Department of Medicine, Kaiser Permanente Medical Center, Santa Clara, CA, USA.
Division of Research, Kaiser Permanente Northern California, Oakland, CA, USA.
Dig Dis Sci. 2018 Jan;63(1):209-217. doi: 10.1007/s10620-017-4716-6. Epub 2017 Aug 23.
As an important quality measure, the rates of recommended immunizations among immunocompromised inflammatory bowel disease (IBD) patients in community practice have not been well studied.
This study sought to investigate the rates and predictors of recommended immunizations and screening tests among IBD patients receiving anti-tumor necrosis factor (TNF) therapy in a large integrated healthcare organization.

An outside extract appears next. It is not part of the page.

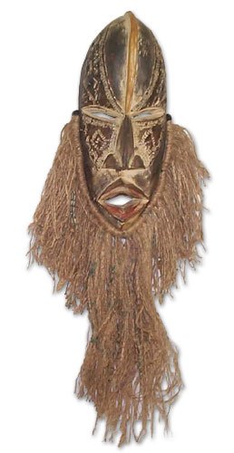 NOVICA Decorative Large Sese Wood and Brass Wood Mask, Brown, 'Spirit Of Wealth'

We conducted a retrospective cohort study of 1401 IBD patients on anti-TNF therapy between 2010 and 2013 within the Kaiser Permanente Northern California healthcare system. The rates of vaccinations and screening tests were quantified, and the associated predictors were investigated.

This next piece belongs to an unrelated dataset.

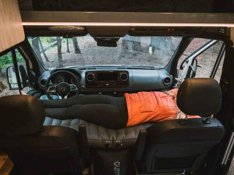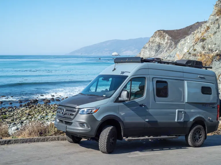 Brand-spankin’-new 2021 Winnebago with designer details. This easy to drive, gorgeous diesel van is ready to ride, built on the new 4x4 Mercedes-Benz Sprinter chassis! We've named her "Der Beast" :)The 2021 Revel was improved from the prior year with a completely new electrical power system leveraging huge lithium-ion batteries which reduce weight and increase power dramatically allows for use of 110v electronics and included appliances such as the induction range, breville oven, and nespresso espresso machine (all included in rental). The bed dimensions are 49 x 79 inches.The new power system allows for the built in refrigerator/freezer to be kept on at all times w/ no noticeable draw on voltage and is powerful enough to run the roof mounted AC system for up to 4 hours without even starting the engine.

Vaccination rates for influenza and pneumococcus were 43.5 and 24.1%, respectively. The majority of patients (73.7%) received hepatitis B screening and/or vaccine. Patients receiving infliximab had higher rates of pneumococcal vaccine (P = 0.002), hepatitis B screening (P < 0.001), and tuberculin skin test (P < 0.001) compared with patients receiving adalimumab. Older patient age (≥50 years) was associated with higher likelihood of having HBsAg test (odds ratio [OR] 1.5, 95% confidence interval [CI] 1.2-2.0, P = 0.002), influenza vaccine (OR 2.6 [2.1-3.4], P < 0.001), and pneumococcal vaccine (OR 4.0 [3.0-5.3], P < 0.001). In contrast, older providers (≥50 years) were associated with significantly lower likelihood of their patients' having hepatitis A and B screening tests, and pneumococcal vaccination.
The rates of immunizations for IBD patients receiving anti-TNF treatment were lower than recommended. Structured reminders for vaccinations and education for both patients and providers (older physicians in particular) may prove beneficial in improving immunization rates among immunocompromised IBD patients.
作为一项重要的质量衡量标准,社区实践中免疫功能低下炎症性肠病(IBD)患者的推荐免疫接种率尚未得到充分研究。
本研究旨在调查在大型综合医疗保健组织中接受抗肿瘤坏死因子(TNF)治疗的 IBD 患者的推荐免疫接种和筛查试验的比率和预测因素。
我们对 Kaiser Permanente 北加利福尼亚医疗保健系统中 2010 年至 2013 年间接受抗 TNF 治疗的 1401 例 IBD 患者进行了回顾性队列研究。量化了疫苗接种和筛查试验的比率,并研究了相关的预测因素。
流感和肺炎球菌疫苗接种率分别为 43.5%和 24.1%。大多数患者(73.7%)接受了乙型肝炎筛查和/或疫苗接种。与接受阿达木单抗治疗的患者相比,接受英夫利昔单抗治疗的患者肺炎球菌疫苗接种率(P = 0.002)、乙型肝炎筛查率(P < 0.001)和结核菌素皮肤试验率(P < 0.001)更高。年龄较大的患者(≥50 岁)更有可能接受 HBsAg 检测(优势比[OR] 1.5,95%置信区间[CI] 1.2-2.0,P = 0.002)、流感疫苗(OR 2.6 [2.1-3.4],P < 0.001)和肺炎球菌疫苗(OR 4.0 [3.0-5.3],P < 0.001)。相比之下,年龄较大的提供者(≥50 岁)则更不可能对其患者进行甲型和乙型肝炎筛查和肺炎球菌疫苗接种。
接受抗 TNF 治疗的 IBD 患者的免疫接种率低于推荐水平。为患者和提供者(尤其是年长医生)提供关于疫苗接种的结构化提醒和教育可能有助于提高免疫功能低下的 IBD 患者的免疫接种率。